Fed will buy $300 billion in Treasuries to jump start economy

Just call it Uncle Sam investing in Uncle Sam -- or, the taxpayer investing in the taxpayer. In a surprise move, the Fed Wednesday announced a plan to buy $300 billion in long-term U.S. Treasuries as part of an expanded quantitative easing program aimed at jump starting the U.S. economy.

The Fed said it will buy up to an additional $750 billion in mortgaged backed securities and up to $200 billion in government service enterprise debt. The central bank added that it would consider expanding the TALF to include purchases of "other financial assets." The Fed said its decisions were unanimous.

More pessimistic on economy

On the economy, the Fed's tone in its statement was more pessimistic than in its previous statement, released in January. The Fed removed language regarding the timetable for a U.S. economic recovery; in today's statement, it provided no timetable for estimating the recession's bottom.
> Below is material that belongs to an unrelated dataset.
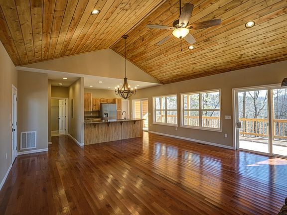BRAND NEW 3 bedroom, 2.5 bath home on ONE LEVEL! Located in gated Valley River Vista, you ve got access to the community area on the River and paved roads. Log sided home has a gourmet kitchen with granite, new SS appliances, plenty of cabinets, and huge breakfast bar. Your Great Room has vaulted wood ceiling, hardwood floors, rock fireplace that will warm the North Carolina evenings. Large windows let plenty of light in making the open floor plan perfect. Spacious Master Suite with dual vanities and granite tops. Guests have their choice of bedrooms, a full bath, and a half! A large porch complete with ceiling fans makes it the perfect spot to relax and enjoy lifes pleasures. Welcome home!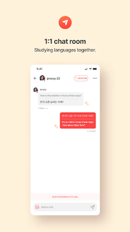 We support all languages of various countries. Even those who are studying a language, or those who are afraid of foreign languages and are reluctant to communicate with foreigners, can easily use it and study a language!

Regarding interest rates, the Fed also kept the Federal Funds at 0.25 percent, as expected.

During its January meeting, the Fed said it expected a gradual recovery to begin later this year, with Fed Chairman Ben Bernanke later noting that a 10 percent U.S. unemployment rate was certainly possible by the time the recession ended.

Further, given the plethora of bad news in recent months, many economists, indeed many institutional investors, interpreted Bernanke's 10 percent unemployment ceiling as bullish, with some arguing that the ensuing improved sentiment is one of the reasons the stock market has rallied in the past week.

Or, as Energy Trader Jim Dietz told DailyFinance, "A 10 percent unemployment rate is no picnic, but it beats 15 percent unemployment every time."

With the Fed's unprecedented Treasury-purchase decision Wednesday, the Fed is signaling it believes financial and economy conditions remain serious, and are not showing the progress the Fed would like.

Former Fed Governor Laurence Meyer agrees with that evaluation. In comments delivered before the decision, Meyer called the financial crisis "the worst credit crunch since the Great Depression," Bloomberg News reported Wednesday. "The banking system is reeling, credit is being choked off, it is dramatic in size."

Job losses also raise concerns

Indeed, the U.S.'s large job losses over the past four months -- more than 2.4 million Americans have lost their job -- also raise concern of even more dire economic conditions for the nation in the months ahead. Will a second Great Depression, which economists define as a one-year decline in U.S. GDP of 10 percent or more, occur? No economist one can predict that, but it is safe to predict that if the economy continues to lose 500,000 jobs a month, it will be in a Depression.

The Fed's meeting and announcement also occurred days after Fed Chair Bernanke's "60 Minutes" interview on CBS, during which he said he saw "green shoots" in the U.S. economy, as well as modest improvement in the banking sector. Financial markets had stabilized, he said, but credit markets remained constrained, hence necessitating continued quantitative easing and other tactics, such as the TALF, to loosen credit markets.

Economic Analysis: A decisive, accommodative move by the Fed, and one that's needed. These are extraordinary times that require extraordinary measures, and the Fed's commitment to buy Treasuries, if necessary, illustrates the above. After U.S. economic growth resumes, the Fed can begin to reduce the size of its balance sheet and let the private sector work its wonders; but we're quarters away from that stage.